In the current study, a significantly lower procedure time was observed in the RF needle group. These time savings with the RF needle are likely due to a reduction in the time required to cross the septum and a more precise crossing of the septum at a desired location allowing optimized catheter contact with the targeted tissues. While needle type was determined at the discretion of the operator, the cases with the RF needle can be more recent. It is possible that development of operators’ skill sets and lab practices may also have occurred over time.

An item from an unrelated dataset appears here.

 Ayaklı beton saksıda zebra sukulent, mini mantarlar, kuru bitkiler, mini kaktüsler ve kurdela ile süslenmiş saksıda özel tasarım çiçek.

It is interesting to consider that increased left atrial access time in AF ablation cases has been observed to be associated with post-operative neurocognitive dysfunction at 2- and 90-day following procedures [17]. And, at least one study has found a significant association between longer procedure times and increased incidence of silent embolism, although no association was found with left atrial procedure time [19]. This could suggest that shortening the duration of AF ablation procedures may yield clinical benefits to patients.

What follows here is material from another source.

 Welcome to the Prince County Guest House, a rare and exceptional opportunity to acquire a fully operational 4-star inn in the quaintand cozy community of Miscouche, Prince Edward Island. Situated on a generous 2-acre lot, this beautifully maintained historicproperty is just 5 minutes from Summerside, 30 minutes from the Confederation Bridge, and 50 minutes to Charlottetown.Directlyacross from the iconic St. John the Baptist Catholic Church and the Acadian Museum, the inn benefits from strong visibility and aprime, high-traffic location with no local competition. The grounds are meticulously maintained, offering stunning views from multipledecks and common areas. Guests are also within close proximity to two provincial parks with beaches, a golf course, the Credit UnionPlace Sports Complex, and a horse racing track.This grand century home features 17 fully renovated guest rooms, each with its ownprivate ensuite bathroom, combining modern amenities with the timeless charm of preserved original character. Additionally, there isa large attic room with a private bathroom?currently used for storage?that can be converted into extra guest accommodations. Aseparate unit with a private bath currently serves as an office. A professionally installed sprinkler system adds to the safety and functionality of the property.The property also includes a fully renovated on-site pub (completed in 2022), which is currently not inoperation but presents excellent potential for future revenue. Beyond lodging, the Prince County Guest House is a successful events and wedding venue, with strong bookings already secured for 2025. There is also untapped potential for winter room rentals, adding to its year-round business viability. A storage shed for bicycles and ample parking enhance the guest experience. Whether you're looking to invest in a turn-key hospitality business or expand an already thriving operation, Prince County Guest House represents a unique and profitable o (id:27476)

In addition to the clinical benefits afforded by shorter procedure times, the economic benefits can also be considered. Recently, the economic value of shorter procedure times on electrophysiology lab management was studied [20]. The results of the discrete event simulation model indicated that a mean reduction of 36 min seen with the use of cryoballoon, as compared with RF ablation procedures, translated into a 36.2% reduction in days with overtime, 92.7% fewer cumulative overtime hours, and a 46.7% increase in days with time available (at least 1 h) for additional electrophysiology lab use [20]. The lower mean time reported in the RF needle group in the current study suggests that improved EP lab efficiencies may also be achievable with its use.

Study limitations

Several limitations associated with the present study warrant mention. This study was a non-randomized single-center retrospective study. Exchanging catheters through a sheath, the numbers of flushes of the sheath and chronological state throughout the procedures may have an impact on the results of this study. In addition, because cerebral MRI imaging used in this study was generated through post-procedure routine safety monitoring of patients, there were no preprocedural images available for comparison. Even though patients were assessed for only ACE by independent, blinded neuroradiologists, we could not deny the possibility of events occurring immediately before the procedure. And, while the propensity score matching technique was used to attempt to reduce bias from potentially confounding variables, selective bias cannot be excluded. Further, no measurement of neurocognitive function was reported, limiting the ability to correlate the observed improvements in ACE and procedure time to patients’ cognitive functioning. It is recommended that large-scale prospective studies be conducted to confirm the results of this study.

Conclusions

The results of the current study indicate that use of an RF needle for transseptal puncture is associated with a lower incidence of ACE and shorter procedure time during catheter ablation procedures for AF.